W „tradycyjnej” metodzie sekwencjonowania genomu, w celu otrzymania odpowiedniej do wykonania badania ilości DNA, należy wykorzystać tysiące lub więcej komórek. Oznacza to, że zmiany, które są obecne tylko w niewielkiej liczbie komórek, takie jak np. nowotworzenie komórek, mogą nie zostać wykryte. Metoda taka nie tylko ułatwiłaby etap pobierania materiału genetycznego, ale pozwoliłaby również na przeprowadzenie badania sekwencjonowania próbek, które dotychczas były „bezużyteczne” z uwagi na zbyt małą ilość komórek. ( np. skamienieliny, ślady przestępstwa, małe kawałki tkanek nowotworowych). Metodę sekwencjonowania genomu z pojedynczej komórki nazwano Multiple Annealing and Looping-Based Amplification Cycles (MALBAC). Odkryto ją na Uniwersytecie Harwardzkim.

Co prawda istniała już metoda sekwencjonowania genomu pojedynczych komórek przy użyciu techniki reakcji łańcuchowej polimerazy (PCR)(technikę tę stosowano do wytworzenia ilości kopii DNA wystarczającej do przeprowadzenia procedury sekwencjonowania).Metoda sekwencjonowania genomu z wykorzystaniem techniki PCR pozwalała na otrzymanie wyników z ok40-70% dokładnością. Trudno było zwiększyć dokładność tej metody z uwagi na skłonność pewnych fragmentów genomu do łatwiejszego kopiowania w odróżnieniu od pozostałych. Oznacza to nie tylko pomniejszenie zakresu genomu, który można z powodzeniem sekwencjonować, ale także oznacza, że istnieją segmenty DNA, których kopiowanie jest trudniejsze, a przez to są one łatwiejsze do pominięcia.

Nowa metoda sekwencjonowania genomu polega na wyizolowaniu genomu z pojedynczej komórki. Dzięki metodzie MALBAC naukowcy są w stanie z pojedynczej ludzkiej komórki zsekwencjonować materiał genetyczny rzędu pikogramów (~ 10 do 100 kb) z jednej komórki. Wyizolowany materiał stanowi matryce do amplifikacji(powielania materiału genetycznego).W następnym etapie badany materiał genetyczny zostaje wprowadzony do mieszaniny reakcyjnej, w której najistotniejszym elementem są startery (krótkie odcinki DNA komplementarne do końców matrycy). Startery stanowią pulę krótkich odcinków DNA o losowej sekwencji nukleotydów. Charakterystyczną cechą dla stosowanych w tej metodzie starterów jest tok, że zawierają 27 nukleotydów o identycznej sekwencji oraz 8 różnych nukleotydów.
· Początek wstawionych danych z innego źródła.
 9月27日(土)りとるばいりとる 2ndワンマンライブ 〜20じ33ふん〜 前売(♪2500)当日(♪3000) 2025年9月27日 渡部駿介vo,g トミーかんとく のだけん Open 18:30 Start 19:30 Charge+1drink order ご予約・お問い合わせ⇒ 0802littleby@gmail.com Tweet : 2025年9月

Warunki prowadzenia kolejnych etapów (annealing i elongacja) należy dobrać w zależności od składników mieszaniny reakcyjnej.

Metoda ta charakteryzuje się 93%-ową wydajnością co znaczy że 93% amplifikowanego (powielonego z wykorzystaniem metody PCR) genomu pochodzącego z jednej komórki może zostać zsekwencjonowa.
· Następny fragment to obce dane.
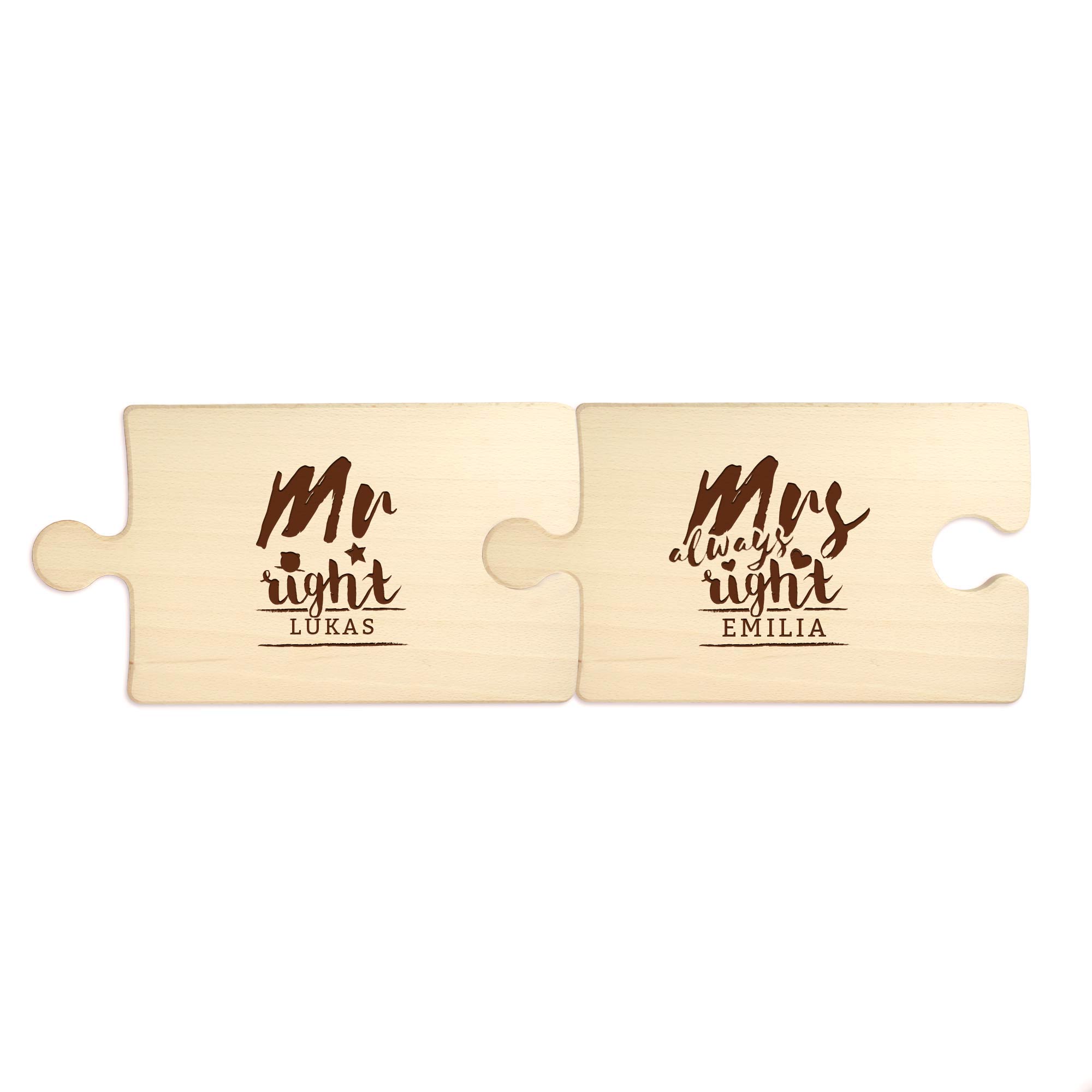 Puzzle Brett mit Gravur zur Hochzeit - 2er Set - Mr & Mrs Right

Prace dotyczące opracowania metody sekwencjonowania całego organizmu z wykorzystaniem pojedynczej komórki na całym świecie prowadzono już od ponad dekady. Przełom, który nastąpił wraz ze wspomnianym odkryciem, wiąże się z ogromnymi możliwościami wykorzystania wspomnianej metody

Przykładowo wykorzystując opisaną technologię, laboratoria kryminalistyczne będą mogły zbadać próbki DNA, które dotychczas były zbyt małe, dzięki czemu przestępca zostanie zidentyfikowany. Wykorzystując wspomnianą metodę, próbki materiału genetycznego pochodzące od prehistorycznych przodków człowieka, mogą być należycie zbadane i przeanalizowane. Opisana metoda może stać się kluczem do zrozumienia historii człowieka. Możliwości wykorzystania tej metody są wręcz nieograniczone.

Donata Zaczyńska

Źródło:
Genome-Wide Detection of Single-Nucleotide and Copy-Number Variations of a Single Human Cell,Chenghang Zong, Sijia Lu, Alec R. Chapman,X. Sunney Xie,Science, 21 12. 2012, 338 ,6114, s. 1622-1626.